● Provided information
------------------------------

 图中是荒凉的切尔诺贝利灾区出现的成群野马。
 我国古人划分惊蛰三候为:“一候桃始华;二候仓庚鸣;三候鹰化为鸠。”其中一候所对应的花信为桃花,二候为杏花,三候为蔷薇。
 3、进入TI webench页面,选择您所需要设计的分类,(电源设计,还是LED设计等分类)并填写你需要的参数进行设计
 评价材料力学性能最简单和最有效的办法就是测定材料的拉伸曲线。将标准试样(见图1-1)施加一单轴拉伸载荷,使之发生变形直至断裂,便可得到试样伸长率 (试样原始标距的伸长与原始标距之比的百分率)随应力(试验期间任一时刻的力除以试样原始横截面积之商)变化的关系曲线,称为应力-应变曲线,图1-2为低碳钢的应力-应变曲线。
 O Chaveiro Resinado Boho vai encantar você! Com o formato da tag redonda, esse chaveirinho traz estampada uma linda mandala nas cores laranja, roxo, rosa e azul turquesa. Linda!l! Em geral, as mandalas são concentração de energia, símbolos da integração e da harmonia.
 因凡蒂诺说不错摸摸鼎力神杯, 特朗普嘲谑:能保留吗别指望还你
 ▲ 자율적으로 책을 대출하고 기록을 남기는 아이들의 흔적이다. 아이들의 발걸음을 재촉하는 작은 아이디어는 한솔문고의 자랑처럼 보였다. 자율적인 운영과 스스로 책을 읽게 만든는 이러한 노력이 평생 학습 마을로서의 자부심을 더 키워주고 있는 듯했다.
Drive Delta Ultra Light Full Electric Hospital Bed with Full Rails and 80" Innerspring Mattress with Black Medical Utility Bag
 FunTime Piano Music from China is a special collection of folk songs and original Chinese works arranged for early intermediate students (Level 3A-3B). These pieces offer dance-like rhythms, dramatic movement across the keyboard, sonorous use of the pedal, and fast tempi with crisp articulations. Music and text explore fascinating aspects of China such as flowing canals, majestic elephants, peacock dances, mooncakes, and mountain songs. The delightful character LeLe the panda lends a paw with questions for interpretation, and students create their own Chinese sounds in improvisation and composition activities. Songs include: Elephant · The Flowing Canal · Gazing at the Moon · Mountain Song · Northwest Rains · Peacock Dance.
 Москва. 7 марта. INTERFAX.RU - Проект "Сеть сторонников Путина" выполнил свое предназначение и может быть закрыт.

------------------------------

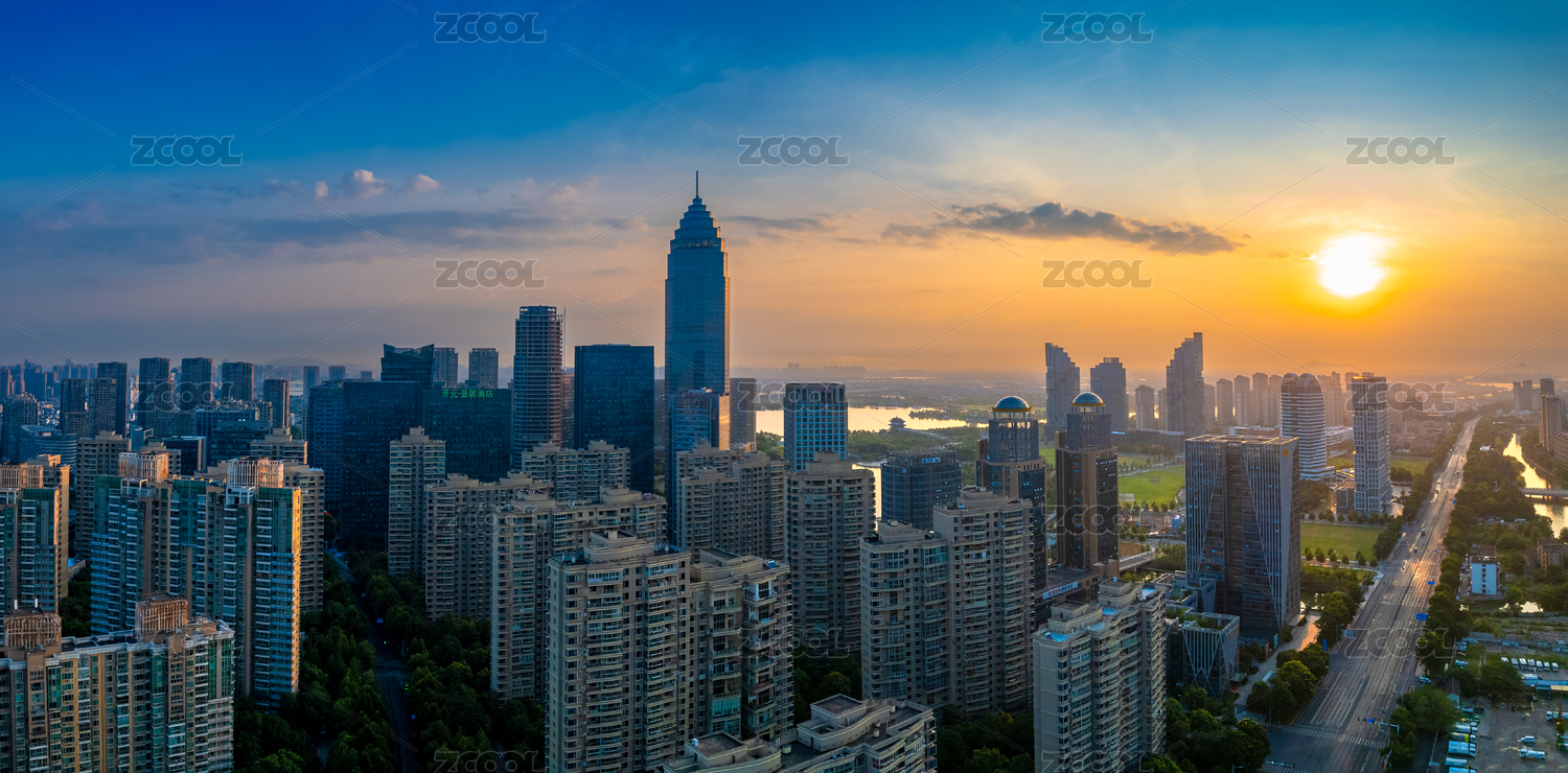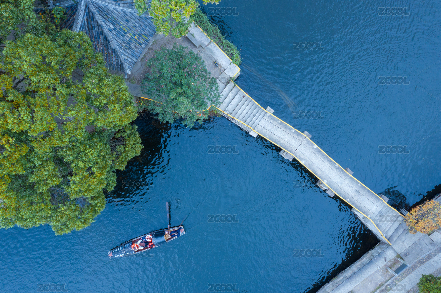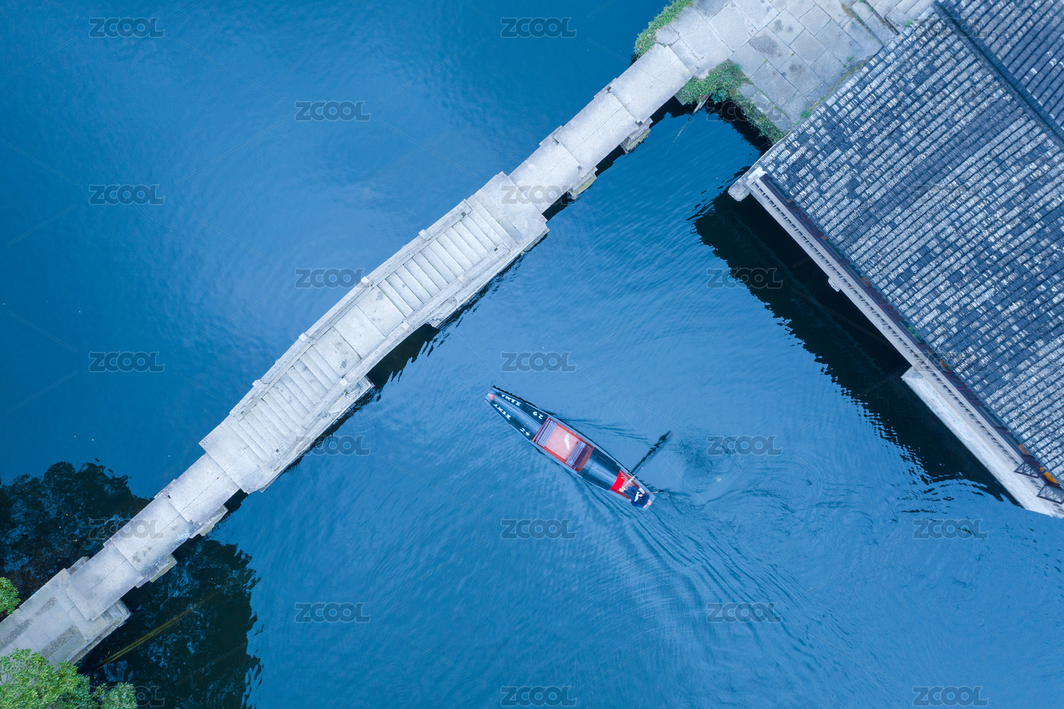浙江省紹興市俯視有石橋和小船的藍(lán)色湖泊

------------------------------

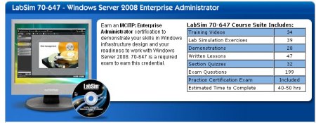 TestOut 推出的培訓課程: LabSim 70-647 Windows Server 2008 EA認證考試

------------------------------

● Exercise aim
Above are the records; print exactly the lines from the line with "图中是荒凉的切尔诺贝利灾区出现的成群野马。" to the line with "3、进入TI webench", including both, and nothing else.

● Exercise result
 图中是荒凉的切尔诺贝利灾区出现的成群野马。
 我国古人划分惊蛰三候为:“一候桃始华;二候仓庚鸣;三候鹰化为鸠。”其中一候所对应的花信为桃花,二候为杏花,三候为蔷薇。
 3、进入TI webench页面,选择您所需要设计的分类,(电源设计,还是LED设计等分类)并填写你需要的参数进行设计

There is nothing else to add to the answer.